» **TASK OBJECTIVE**:
Only the text belongs in the copy: retype each record exactly as it appears.

» **MATERIAL SHOWN**:
☆ ☆ ☆ ☆ ☆

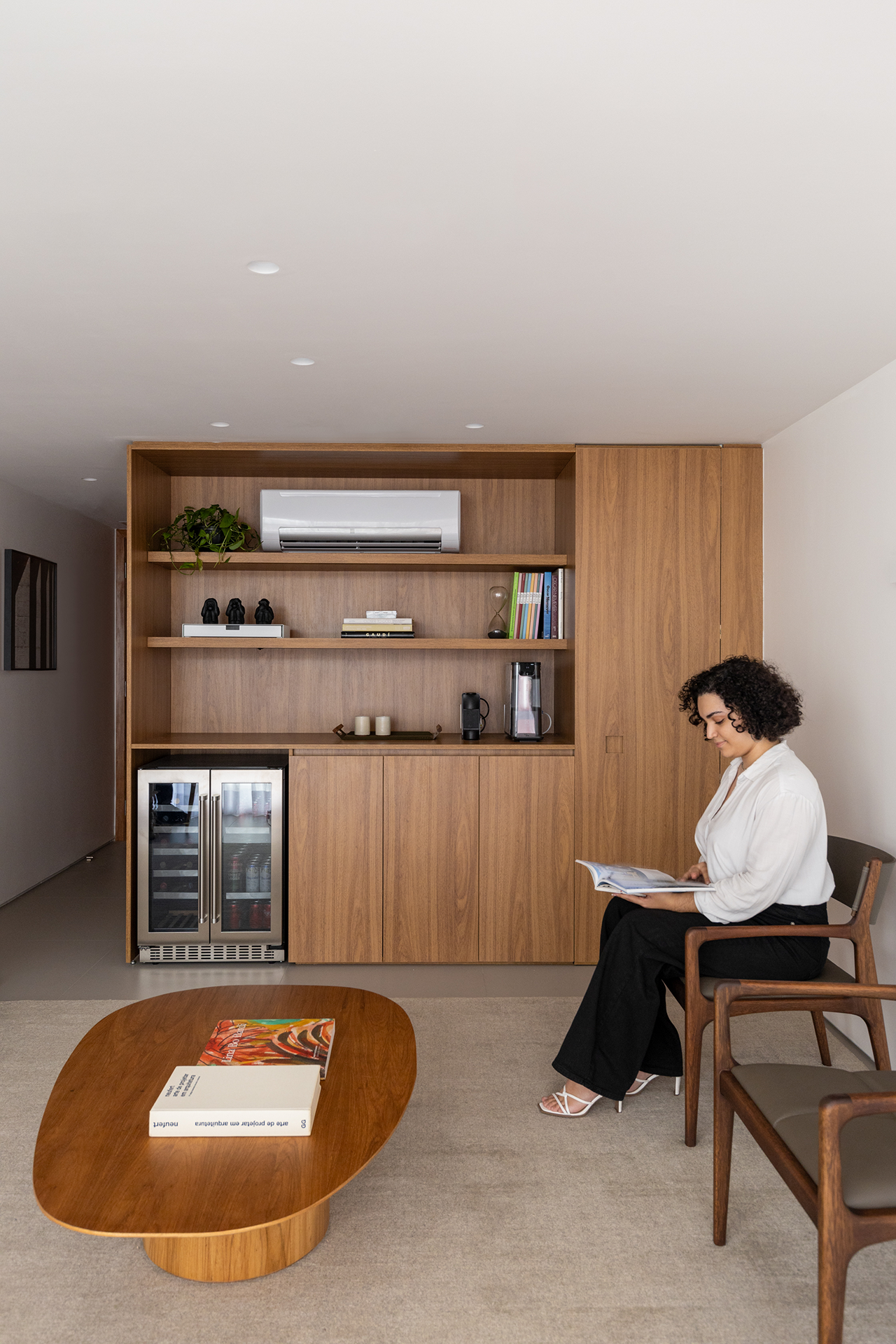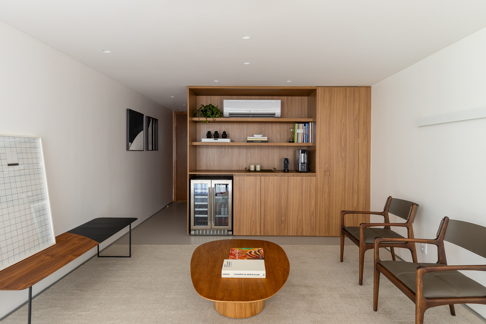 Localizado no Setor Comercial Norte, o escritório de advocacia de 23m² foi projetado com foco na funcionalidade. A sala possui uma mesa central para o proprietário, acompanhada de um espaço de estar integrado que permite a realização de pequenas reuniões e oferece um ambiente mais informal para interações.
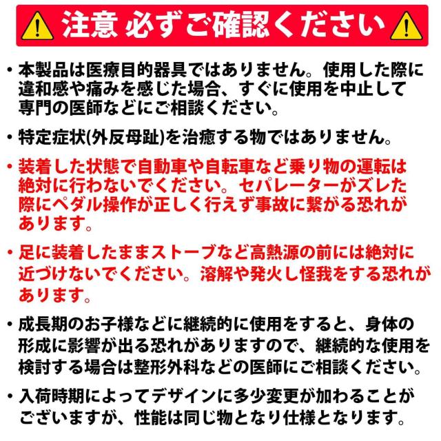 ・装着した状態で自動車や自転車など乗り物の運転は絶対に行わないでください。セパレーターがズレた際にペダル操作が正しく行えず事故に繋がる恐れがあります。
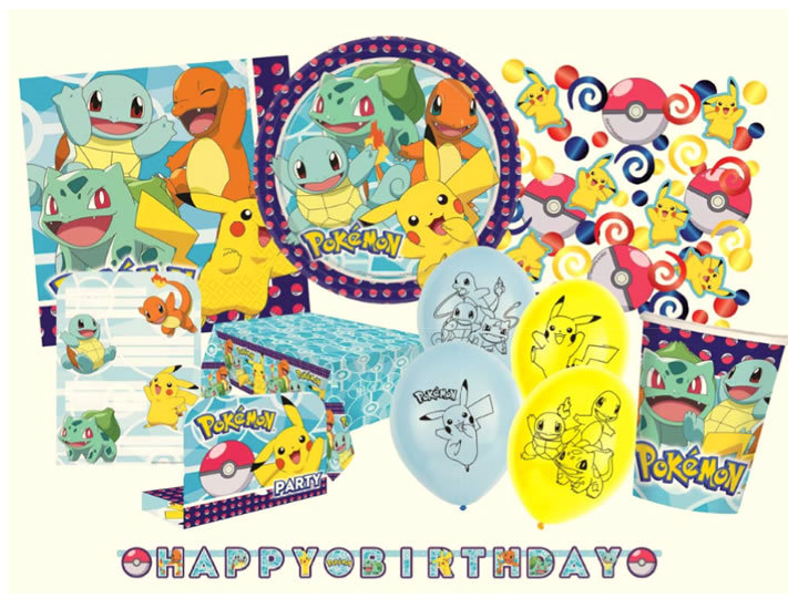 Party set velký Pokémon obsahuje kelímek 8 ks, talířek 23 cm 8 ks, ubrousky 20 ks, pozvánky 8 ks , svíčky sada 4 ks, banner, ubrus, party čepice 8 ks
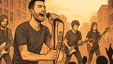 Mary Hopkin風の金髪の女性がThose Were The Daysを歌っている漫画絵 英語で歌う
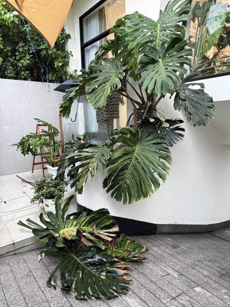 Một phần lá đã úa vàng và cháy nắng, được cắt tỉa để tránh lây bệnh cho cây. Tuy nhiên, đây là chuyện “thường ngày ở huyện” với người chơi Monstera lâu năm như Vân Trang.
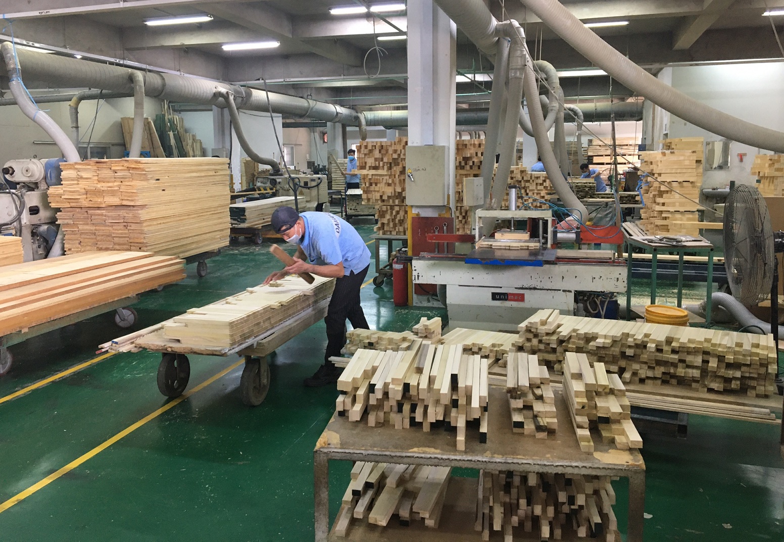 ベトナム工場では材木のヒビ割れや傷、節などの箇所を取り除き、状態の良い箇所を選別しています。
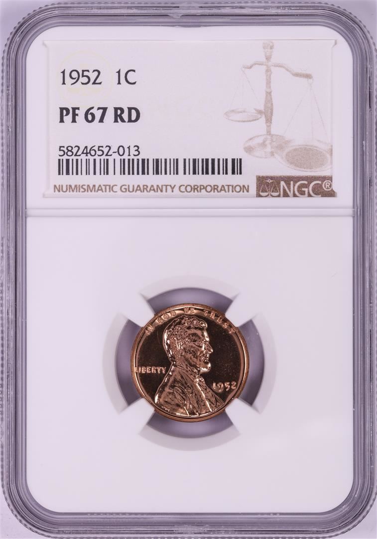 One 1952 Proof Lincoln Wheat Cent Coin NGC PF67RD. NGC Certified.
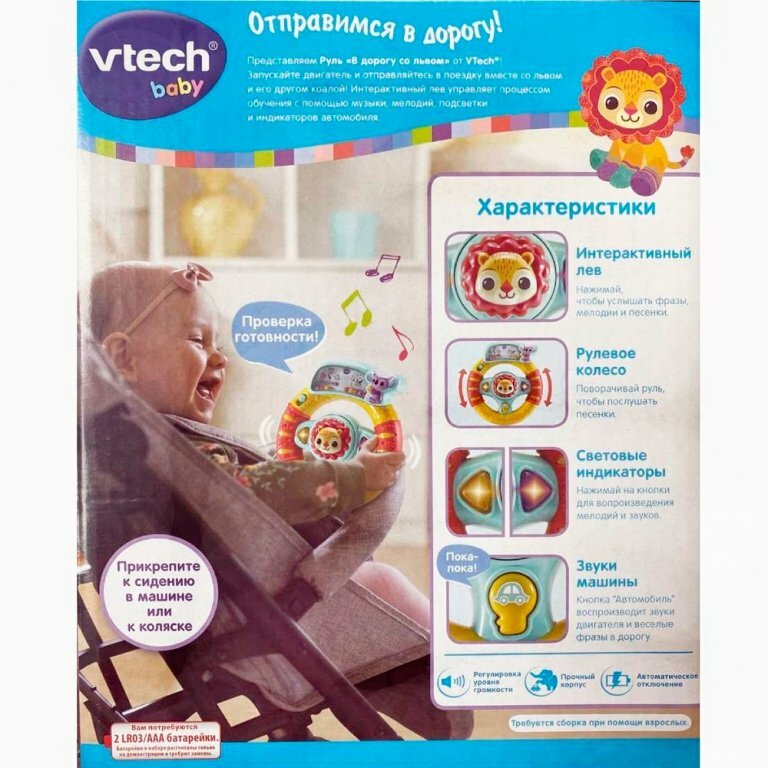 Запускайте двигатель и отправляйтесь в поездку вместе со львом и его другом коалой! Интерактивный лев управляет процессом обучения с помощью музыки, мелодий, подсветки и индикаторов автомобиля. Игрушечный руль развивает сенсорику и моторику, способствует изучению и открытиям нового.
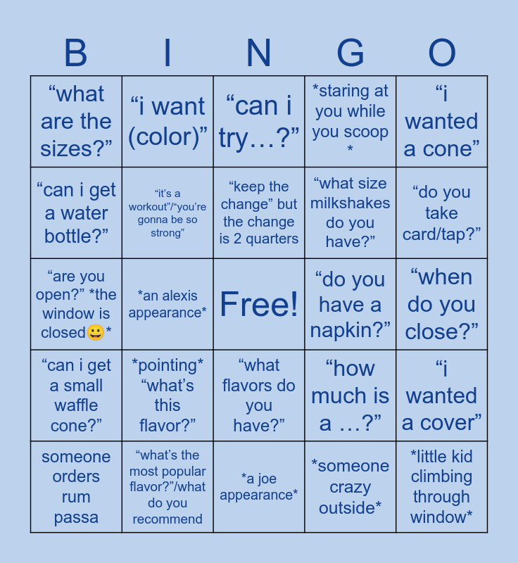 This bingo card has a free space and 24 words: someone orders rum passa, *pointing* “what’s this flavor?”, “keep the change” but the change is 2 quarters, *someone crazy outside*, “i wanted a cone”, “what are the sizes?”, “i want (color)”, “can i try…?”, “do you have a napkin?”, “when do you close?”, “are you open?” *the window is closed😀*, “it’s a workout”/“you’re gonna be so strong”, “how much is a …?”, “i wanted a cover”, “can i get a water bottle?”, “what’s the most popular flavor?”/what do you recommend, *a joe appearance*, *staring at you while you scoop *, “do you take card/tap?”, “can i get a small waffle cone?”, *an alexis appearance*, “what flavors do you have?”, “what size milkshakes do you have?” and *little kid climbing through window*.
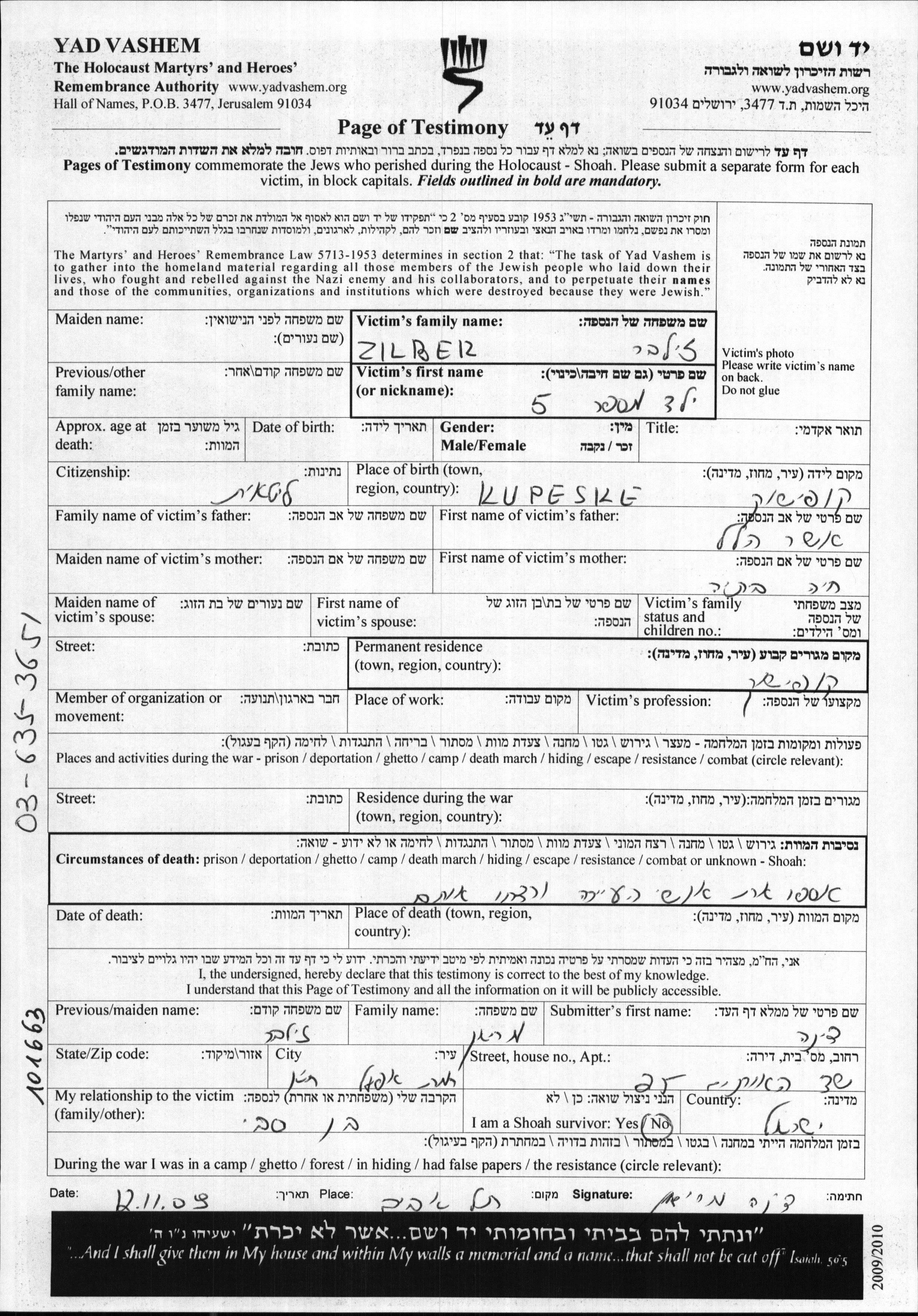 Vorname unbekannt Zilber wurde in Kupishki, Litauen geboren. Er/sie war der/ die Sohn/Tochter von Asher Hilel und Chaia Batia. Er/Sie war Kind. Vor dem Zweiten Weltkrieg er/sie in Kupishki, Litauen. Während des Krieges war er/sie in Kupishki, Litauen.

☆ ☆ ☆ ☆ ☆

» **THE COMPLETED TASK**:
 Localizado no Setor Comercial Norte, o escritório de advocacia de 23m² foi projetado com foco na funcionalidade. A sala possui uma mesa central para o proprietário, acompanhada de um espaço de estar integrado que permite a realização de pequenas reuniões e oferece um ambiente mais informal para interações.
 ・装着した状態で自動車や自転車など乗り物の運転は絶対に行わないでください。セパレーターがズレた際にペダル操作が正しく行えず事故に繋がる恐れがあります。
 Party set velký Pokémon obsahuje kelímek 8 ks, talířek 23 cm 8 ks, ubrousky 20 ks, pozvánky 8 ks , svíčky sada 4 ks, banner, ubrus, party čepice 8 ks
 Mary Hopkin風の金髪の女性がThose Were The Daysを歌っている漫画絵 英語で歌う
 Một phần lá đã úa vàng và cháy nắng, được cắt tỉa để tránh lây bệnh cho cây. Tuy nhiên, đây là chuyện “thường ngày ở huyện” với người chơi Monstera lâu năm như Vân Trang.
 ベトナム工場では材木のヒビ割れや傷、節などの箇所を取り除き、状態の良い箇所を選別しています。
 One 1952 Proof Lincoln Wheat Cent Coin NGC PF67RD. NGC Certified.
 Запускайте двигатель и отправляйтесь в поездку вместе со львом и его другом коалой! Интерактивный лев управляет процессом обучения с помощью музыки, мелодий, подсветки и индикаторов автомобиля. Игрушечный руль развивает сенсорику и моторику, способствует изучению и открытиям нового.
 This bingo card has a free space and 24 words: someone orders rum passa, *pointing* “what’s this flavor?”, “keep the change” but the change is 2 quarters, *someone crazy outside*, “i wanted a cone”, “what are the sizes?”, “i want (color)”, “can i try…?”, “do you have a napkin?”, “when do you close?”, “are you open?” *the window is closed😀*, “it’s a workout”/“you’re gonna be so strong”, “how much is a …?”, “i wanted a cover”, “can i get a water bottle?”, “what’s the most popular flavor?”/what do you recommend, *a joe appearance*, *staring at you while you scoop *, “do you take card/tap?”, “can i get a small waffle cone?”, *an alexis appearance*, “what flavors do you have?”, “what size milkshakes do you have?” and *little kid climbing through window*.
 Vorname unbekannt Zilber wurde in Kupishki, Litauen geboren. Er/sie war der/ die Sohn/Tochter von Asher Hilel und Chaia Batia. Er/Sie war Kind. Vor dem Zweiten Weltkrieg er/sie in Kupishki, Litauen. Während des Krieges war er/sie in Kupishki, Litauen.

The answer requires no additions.